→ Task objective:
In this exercise, the entries below include pictures. Repeat exactly the lines from the line with "This collectible phone" to the line with "лук) за 795.", including both, but without the pictures.

→ Provided data:
*** Begin section ***
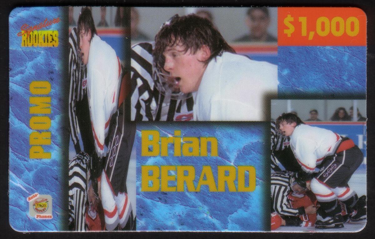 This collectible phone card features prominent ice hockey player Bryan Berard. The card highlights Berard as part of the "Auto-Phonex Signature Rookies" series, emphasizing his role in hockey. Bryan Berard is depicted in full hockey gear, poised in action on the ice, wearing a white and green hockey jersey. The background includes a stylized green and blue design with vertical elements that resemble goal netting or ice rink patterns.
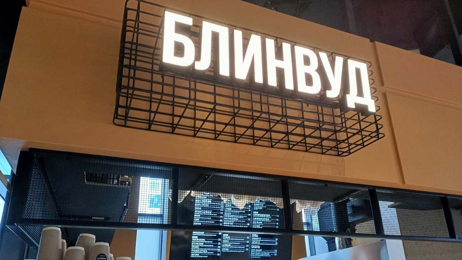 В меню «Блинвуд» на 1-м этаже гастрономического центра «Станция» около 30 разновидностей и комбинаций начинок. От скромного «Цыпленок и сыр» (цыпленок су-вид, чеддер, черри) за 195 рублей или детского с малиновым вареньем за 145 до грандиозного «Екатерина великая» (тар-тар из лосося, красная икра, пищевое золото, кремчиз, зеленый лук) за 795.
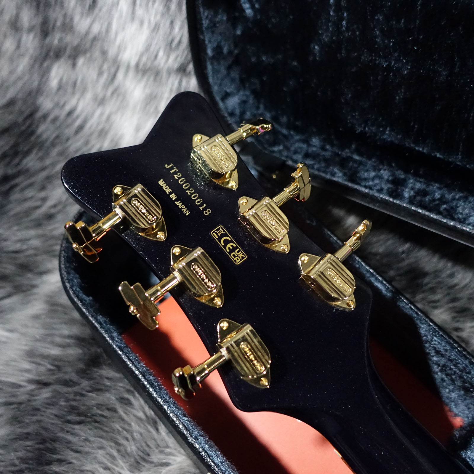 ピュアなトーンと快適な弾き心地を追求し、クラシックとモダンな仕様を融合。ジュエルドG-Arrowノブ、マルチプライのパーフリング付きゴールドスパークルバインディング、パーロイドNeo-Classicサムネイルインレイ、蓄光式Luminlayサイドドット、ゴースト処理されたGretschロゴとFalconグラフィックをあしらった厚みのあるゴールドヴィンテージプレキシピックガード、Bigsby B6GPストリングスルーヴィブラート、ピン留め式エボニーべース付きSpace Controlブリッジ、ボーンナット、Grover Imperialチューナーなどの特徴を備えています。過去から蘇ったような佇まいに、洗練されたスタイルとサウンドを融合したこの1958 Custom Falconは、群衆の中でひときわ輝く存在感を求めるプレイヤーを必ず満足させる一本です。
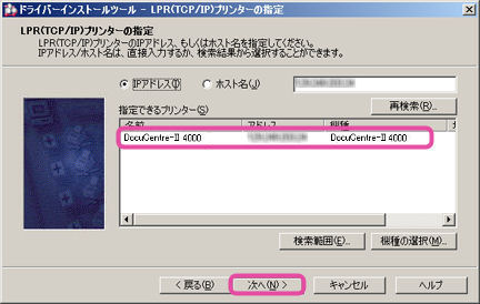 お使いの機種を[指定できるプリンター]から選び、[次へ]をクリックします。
*** End section ***
*** Begin section ***
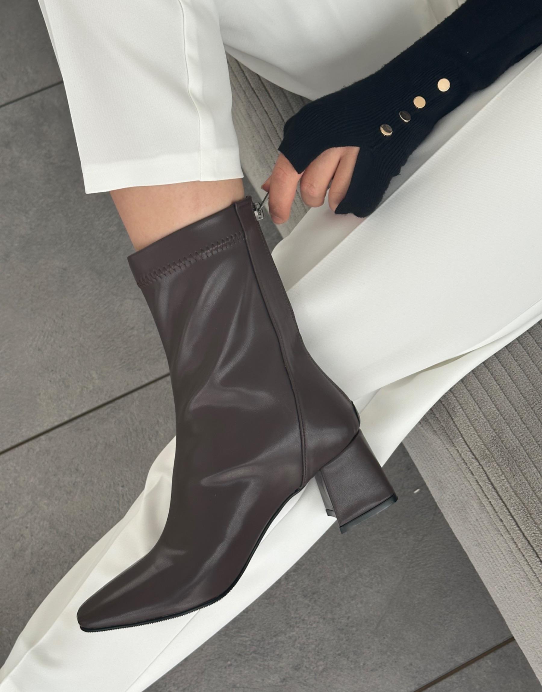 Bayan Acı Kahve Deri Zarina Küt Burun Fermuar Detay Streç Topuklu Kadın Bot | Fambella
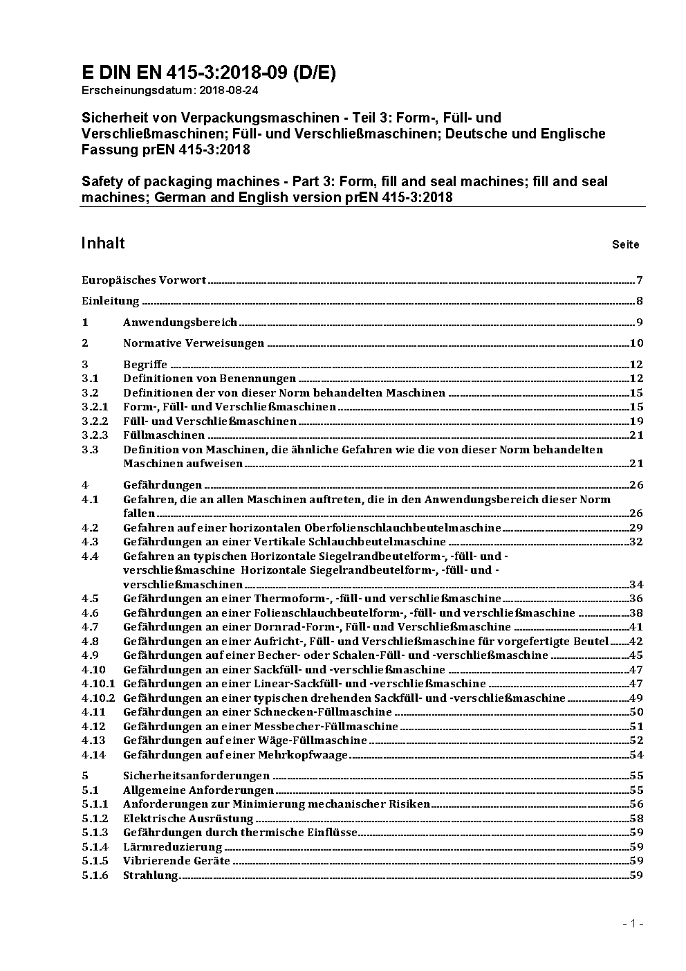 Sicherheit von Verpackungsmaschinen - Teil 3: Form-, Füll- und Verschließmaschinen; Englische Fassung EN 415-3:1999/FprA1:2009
*** End section ***
→ Response below:
 This collectible phone card features prominent ice hockey player Bryan Berard. The card highlights Berard as part of the "Auto-Phonex Signature Rookies" series, emphasizing his role in hockey. Bryan Berard is depicted in full hockey gear, poised in action on the ice, wearing a white and green hockey jersey. The background includes a stylized green and blue design with vertical elements that resemble goal netting or ice rink patterns.
 В меню «Блинвуд» на 1-м этаже гастрономического центра «Станция» около 30 разновидностей и комбинаций начинок. От скромного «Цыпленок и сыр» (цыпленок су-вид, чеддер, черри) за 195 рублей или детского с малиновым вареньем за 145 до грандиозного «Екатерина великая» (тар-тар из лосося, красная икра, пищевое золото, кремчиз, зеленый лук) за 795.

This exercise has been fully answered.